Карташеву очень понравилось отношение Повенежного к демонстрации, и он говорил Шацкому:
– Чтоб так поставить, нужно, во всяком случае, мужество – не бояться того, что скажут.
– Que dira le monde? [Что скажет свет? (франц.)] Да, да, это верно: мужество стоять у позорного столба, сказал бы Вася.
«Поставить» на местном жаргоне Шацкого и Карташева значило поступить не стесняясь, эффектно: Альфонс явился где-то в гусарском мундире – Альфонс «поставил». Патти уехала с Николини – Патти «поставила».
«Охолощенные» с инстинктом более слабого зверя благоразумно избегали всяких столкновений с красными – не хотели, не умели и не понимали даже постановки вопросов со стороны этих красных. Просто боялись и думали, что от одного разговора с ними они уж навсегда потеряют репутацию порядочных, воспитанных «мальчиков», как говорил Шацкий.
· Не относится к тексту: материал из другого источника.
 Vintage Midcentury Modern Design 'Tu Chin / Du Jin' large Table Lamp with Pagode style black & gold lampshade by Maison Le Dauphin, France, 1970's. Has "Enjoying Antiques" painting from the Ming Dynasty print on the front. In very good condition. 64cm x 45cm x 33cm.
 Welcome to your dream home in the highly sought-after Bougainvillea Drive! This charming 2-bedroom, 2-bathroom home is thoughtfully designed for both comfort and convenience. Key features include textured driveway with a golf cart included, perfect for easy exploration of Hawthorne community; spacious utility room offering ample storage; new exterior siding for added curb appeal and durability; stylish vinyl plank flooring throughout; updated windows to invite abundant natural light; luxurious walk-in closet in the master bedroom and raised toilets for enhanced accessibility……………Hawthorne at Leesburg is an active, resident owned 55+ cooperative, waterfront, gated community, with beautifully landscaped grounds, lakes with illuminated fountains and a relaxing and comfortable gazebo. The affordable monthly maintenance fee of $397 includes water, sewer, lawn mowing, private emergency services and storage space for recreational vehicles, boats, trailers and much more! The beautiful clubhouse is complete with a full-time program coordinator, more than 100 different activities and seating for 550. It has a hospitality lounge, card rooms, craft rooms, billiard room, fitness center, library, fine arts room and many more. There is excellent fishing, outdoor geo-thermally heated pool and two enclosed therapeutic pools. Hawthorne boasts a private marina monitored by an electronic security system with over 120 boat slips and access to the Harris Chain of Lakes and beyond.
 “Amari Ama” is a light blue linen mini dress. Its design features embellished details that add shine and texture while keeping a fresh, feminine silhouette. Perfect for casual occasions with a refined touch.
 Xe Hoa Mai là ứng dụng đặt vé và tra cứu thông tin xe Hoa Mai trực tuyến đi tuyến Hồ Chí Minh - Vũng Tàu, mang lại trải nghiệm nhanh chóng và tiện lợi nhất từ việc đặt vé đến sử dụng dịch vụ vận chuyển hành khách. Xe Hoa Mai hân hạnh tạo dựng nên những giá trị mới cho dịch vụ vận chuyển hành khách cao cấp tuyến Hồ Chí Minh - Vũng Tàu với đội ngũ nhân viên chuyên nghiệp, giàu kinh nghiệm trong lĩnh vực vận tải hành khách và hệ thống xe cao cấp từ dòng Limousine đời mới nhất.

В лице Карташева «охолощенные» неожиданно получили надежное и сильное подкрепление.
Карташев видал виды, в гимназии сам считался красным, считал себя хорошо осведомленным по всем вопросам. После возвращения из дому он с особенной энергией отрекся от всех своих прежних, как он их называл, «фантазий». Он считал всех этих красных мальчишками, а себя человеком, уже поднявшимся на высшую ступень человеческого самосознания. И его коробило и раздражало, что эти мальчишки не желали сознавать своего мальчишества, и мало того что не желали, даже еще чувствовали какую-то почву под ногами, раздражали своим всегда удовлетворенным, самоуверенным видом.
«Какие-то животные, идиоты», как представлялись кружку передовых все эти Повенежные, Ларио, Шацкие, сам Карташев и множество других, – вся та масса, которая составляет толпу, решительницу всех дел, – для Карташева не были ни животными, ни идиотами: он был плоть от плоти, кровь от крови этой толпы. И это давало ему ту открытую силу влияния, которой не имели его противники.